В Петербурге, как в Париже, двор был призван давать тон обществу, но тон, царивший среди приближенных Петра и Екатерины, нисколько не напоминал Версаль. На банкете, устроенном в царском дворце по случаю крестин сына Екатерины, за столом мужчин карлица, а за дамским столом - карлик вылезли совершенно голыми из огромного пирога, красовавшегося посередине стола. 24 ноября 1724 года, в день именин государыни, во время обеда их величеств в Сенате, в многочисленном обществе, среди которого находились герцогиня Мекленбургская и царица Прасковья, один из сенаторов взобрался на стол и прошелся or одного конца до другого, в буквальном смысле ступая по блюдам. На всех придворных празднествах важная роль принадлежала шести гвардейским гренадерам, вносившим ушат с хлебной водкой, сильно сдобренной перцем; деревянной ложкой Петр оделял содержимым всех присутствующих, в том числе и женщин. Мы читаем в депеше Кампредона от 8 декабря 1721 года; «Последнее празднество в честь именин царицы было великолепно по местным нравам: дамы пили очень много».
Впрочем, у Петра, как известно, не было двора в собственном смысле этого слова. Одним из его первых мероприятий было ассигнование на общие нужды государства средств, предназначавшихся раньше на содержание государя и его дома. Различные службы, составлявшие часть этого дома, были вследствие этого уничтожены вместе с целым штатом придворных чинов и служителей. Ничего не осталось от трех тысяч выездных лошадей, сорока тысяч упряжных лошадей, стоявших на конюшнях его предшественников, от трехсот поваров и поваренков, готовивших ежедневно по три тысячи кушаний на кухне. Только под конец царствования было создано несколько новых придворных должностей на европейский лад, но заместители их несли свою обязанность всего, несколько раз в год, в
торжественные дни. В обыкновенные праздники, возвращаясь из церкви обедать, Петр шел в сопровождении своих министров и толпы офицеров; но у него стол был накрыт всего на шестнадцать приборов. Все старались опередить друг друга, чтобы занять место за столом, а Петр просто говорил запоздавшим: «Ступайте утешьте жен, пообедав с ними». Известно также, что во дворце никогда не бывало больших приемов, даже когда у Петра появился наконец настоящий дворец. В последнее время почтамт заменил для этого назначения дворец Меншикова, и когда царь собирался там со своим обществом, то получался вид самого низкоразрядного кабака.
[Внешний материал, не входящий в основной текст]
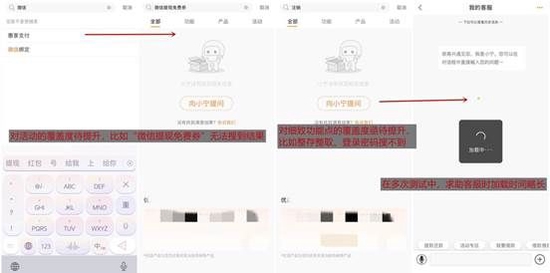 相比2021年評測,搜索體驗提升不大,仍需進(jìn)一步優(yōu)化:一是,關(guān)鍵詞測試中,諸如登錄密碼、注銷、整存整取等細(xì)致功能搜不到結(jié)果;二是,對活動的覆蓋度待提升,比如熱榜中的“微信提現(xiàn)免費券”無法搜到結(jié)果;三是,若用戶求助智能客服,載入時間比較長。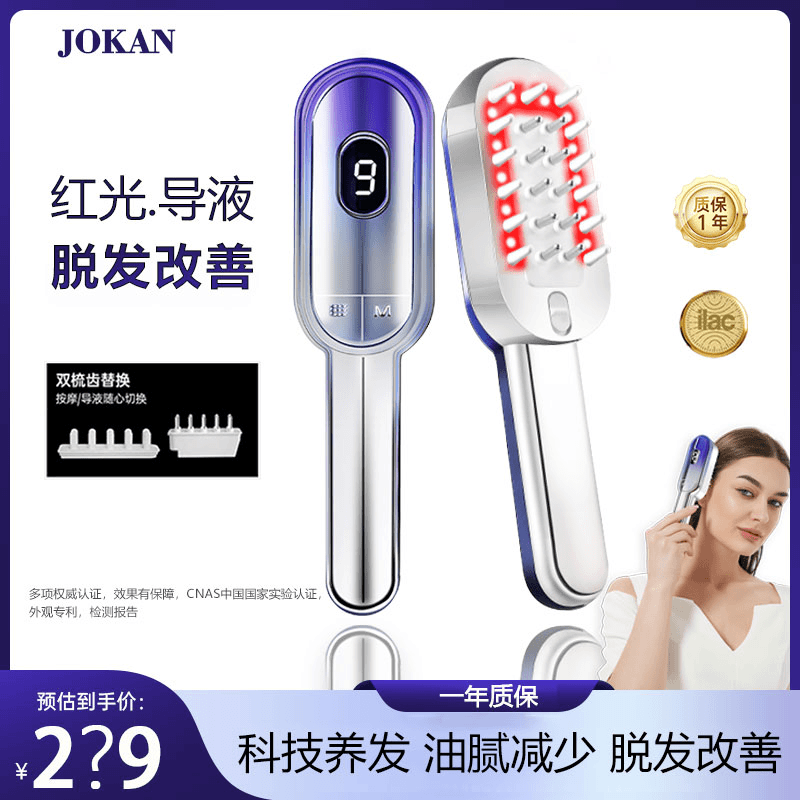 JOKAN红光健发梳按摩导液按摩防增脱头皮激红光控油养育生护发仪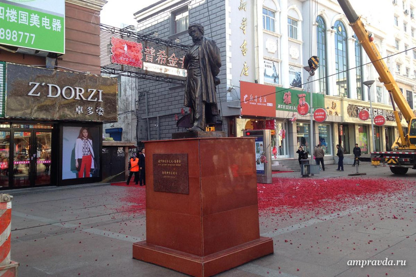 В последний момент ошибки на табличке были исправлены28 марта ровно в 10 часов 38 минут на центральной Пешеходной улице китайского города Хэйхэ открыли памятник Александру Сергеевичу Пушкину (ФОТО).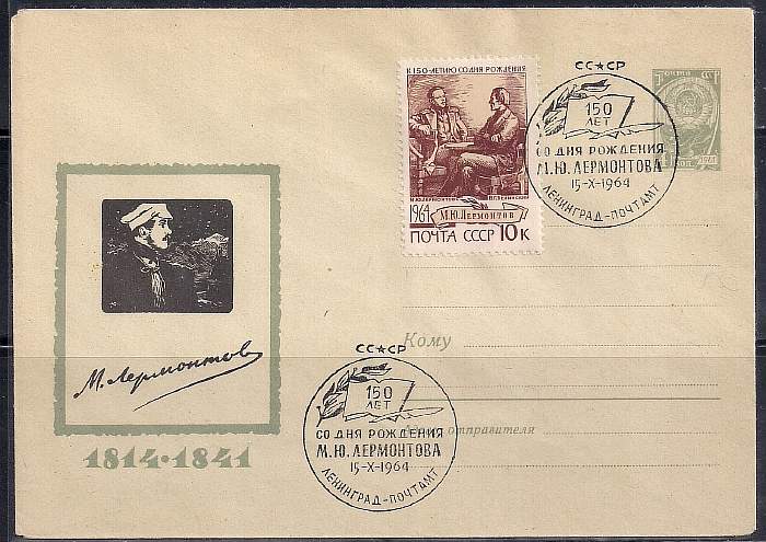 ХМК со спецгашением. 150 лет со дня рождения М.Ю. Лермонтова, № 64 - 371, гашение 15.10.1964 год, Ленинград почтамт

Берхгольц заставляет нас присутствовать на банкете, данном там в мае 1721 года по случаю спуска корабля. К половине обеда женщины были пьяны настолько же, как мужчины. К вину была подмешана водка. Старый адмирал Апраксин заливался слезами; князь Меншиков скатился под стол; его жена и сестра старались привести его в чувство. Потом разгорелись споры, раздались пощечины, пришлось разнимать генерала, подравшегося с поручиком. Добавим, что в течение этих оргий, продолжавшихся по шести часов и более, все выходы были накрепко заперты, и легко угадать неопрятные последствия такой меры. Полнейшее презрение, выказываемое Петром к вопросам благопристойности и благоприличия, таким образом, получало всенародное подтверждение. В январе 1723 года издан был приказ о трауре при дворе по случаю смерти регента. На первой ассамблее большинство дам появилось в цветных платьях. Оправдались тем, что других у них не было. Петр отправил их по домам, но сейчас вслед за этим, осушив несколько стаканов водки, сам подал сигнал к танцам.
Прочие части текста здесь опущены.